Monitoring and controlling the behavior of the coating blade, as well as its position in relation to the fibrous web to be coated, is important, when the operation of a coating head and the machine of which it forms a part is to be optimized. Similar problems and objectives sometimes come up in controlling the rod load in rod coating or film transfer coating.
The Japanese patent publication JP 5015833 (A) (also expressed as JP 05015833 A), published on Jan. 26, 1993, and assigned to Mitsubishi Paper Mills Ltd., discloses an arrangement for monitoring and adjusting the coating profile. It suggests using a row of controllable actuators to move the profiler bar that exerts transverse pressure to the coating blade, and integrating an electronically readable pressure sensor to each actuator.
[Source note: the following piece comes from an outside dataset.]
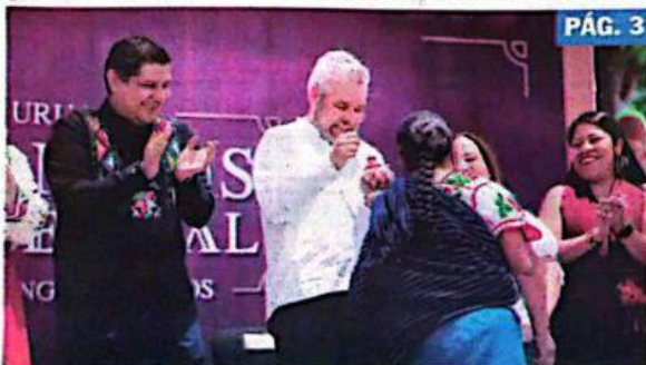
URUAPAN, MICH.- El gobernador, Alfredo Ramírez Bedolla, y el alcalde, Ignacio Campos, encabezaron la ceremonia de entrega de premios a los ganadores de los concursos estatales de Artesanías y de Indumentaria Tradicional.

According to said publication, the electronically collected readings of the pressure sensors can be used to represent the pressure profile, and if the actuators are machine-operated, even to implement some kind of automatic feedback from the pressure sensor readings to the actuators.
Another prior art solution is known from the Japanese patent publication JP 2005219054, published Aug. 18, 2005, and assigned to Mitsubishi Paper Mills Ltd. It suggests monitoring the coating profile with a BM meter (Basis Mass; more commonly referred to as Basis Weight or BW) located downstream from the coating head, calculating a floating average of the measurements, and using them to automatically adjust the actuators that move the profiler bar.
Yet another known solution is the use of position sensors in the actuators to describe the physical location of each actuator that supports the profiler bar.
The known solutions involve certain drawbacks. A measurement device integrated in the actuator, like in JP 5015833 (A), gives readings that describe primarily the stress distribution in the profiler bar, from which it is not possible to unambiguously derive all desired characteristics of the coating blade. A scanning profile measurement, like in JP 2005-219054, is not capable of appropriately telling cross-directional phenomena from machine-directional ones, and suffers from the inherent delays related to the physical distance between the coating head and the measurement frame as well as the time it takes to scan the whole width of the fibrous web. Position sensors give information only about the location of the actuators, which does not take into account e.g. the possibly uneven abrasion of the blade or the cyclic machine-directional interference resulting from a slight eccentricity of the backing roll.